- Date: 2–7 January
- Edition: 21st
- Category: WTA Tier IV
- Draw: 32S / 16D
- Prize money: $145,000
- Surface: Hard / outdoor
- Location: Auckland, New Zealand
- Venue: ASB Tennis Centre

Champions

Singles
- Marion Bartoli

Doubles
- Elena Likhovtseva / Vera Zvonareva
| WTA Auckland Open |

= 2006 ASB Classic =

The 2006 Auckland Open (also named ASB Classic for sponsorship reasons) was a 2006 WTA Tour women's tennis tournament, played on outdoor hard courts. It was the 21st edition of the WTA Auckland Open.

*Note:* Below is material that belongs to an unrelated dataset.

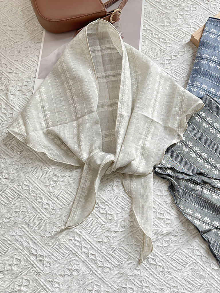 Γυναικείο λινό τριγωνικό κασκόλ Vintage Flower Spliced Κέντημα

It took place at the ASB Tennis Centre in Auckland, New Zealand, from 2 January until 7 January 2006. Sixth-seeded Marion Bartoli won the singles title.

==Points and prize money==

===Point distribution===

| Event | W | F | SF | QF | Round of 16 | Round of 32 | Q | Q3 | Q2 | Q1 |
| Singles | 95 | 67 | 43 | 24 | 12 | 1 | 5.5 | 3.5 | 2 | 1 |
| Doubles | 1 | — | 6.25 | — | — | — |

===Prize money===

| Event | W | F | SF | QF | Round of 16 | Round of 32 | Q3 | Q2 | Q1 |
| Singles | $22,900 | $12,345 | $6,650 | $3,580 | $1,925 | $1,035 | $555 | $300 | $175 |
| Doubles * | $6,750 | $3,640 | $1,960 | $1,050 | $565 | — | — | — | — |

_{* per team}

==Singles main-draw entrants==

===Seeds===

| Country | Player | Rank^{1} | Seed |
|---|---|---|---|
| RUS | Nadia Petrova | 7 | 1 |
| SVK | Daniela Hantuchová | 17 | 2 |
| RUS | Elena Likhovtseva | 18 | 3 |
| RUS | Maria Kirilenko | 25 | 4 |
| SLO | Katarina Srebotnik | 28 | 5 |
| FRA | Marion Bartoli | 33 | 6 |
| JPN | Shinobu Asagoe | 35 | 7 |
| RUS | Vera Zvonareva | 36 | 8 |

- ^{1} Rankings as of 19 December 2005.

===Other entrants===
The following players received wildcards into the singles main draw:
- Victoria Azarenka
- AUS Jelena Dokic

The following players received entry from the qualifying draw:
- USA Ashley Harkleroad
- LUX Anne Kremer
- ISR Tzipora Obziler
- USA Shenay Perry

===Retirements===
- RUS Nadia Petrova (left groin strain)

==Doubles main-draw entrants==

===Seeds===

| Country | Player | Country | Player | Rank^{1} | Seed |
|---|---|---|---|---|---|
| RUS | Elena Likhovtseva | RUS | Vera Zvonareva | 19 | 1 |
| RUS | Maria Kirilenko | ARG | Paola Suárez | 46 | 2 |
| JPN | Shinobu Asagoe | SLO | Katarina Srebotnik | 49 | 3 |
| FRA | Émilie Loit | CZE | Barbora Strýcová | 71 | 4 |

- ^{1} Rankings as of 19 December 2005.

===Other entrants===
The following pair received wildcards into the doubles main draw:
- NZL Leanne Baker / Francesca Lubiani

The following pair received entry from the qualifying draw:
- GER Julia Schruff / HUN Ágnes Szávay

===Withdrawals===
During the tournament
- GER Julia Schruff / HUN Ágnes Szávay (right thigh strain on Schruff)

==Finals==

===Singles===

- FRA Marion Bartoli defeated RUS Vera Zvonareva 6–2, 6–2
It was the 1st title for Bartoli in her career.

===Doubles===

- RUS Elena Likhovtseva / RUS Vera Zvonareva defeated FRA Émilie Loit / CZE Barbora Strýcová 6–3, 6–4
It was the 25th title for Likhovtseva and the 3rd title for Zvonareva in their respective doubles careers.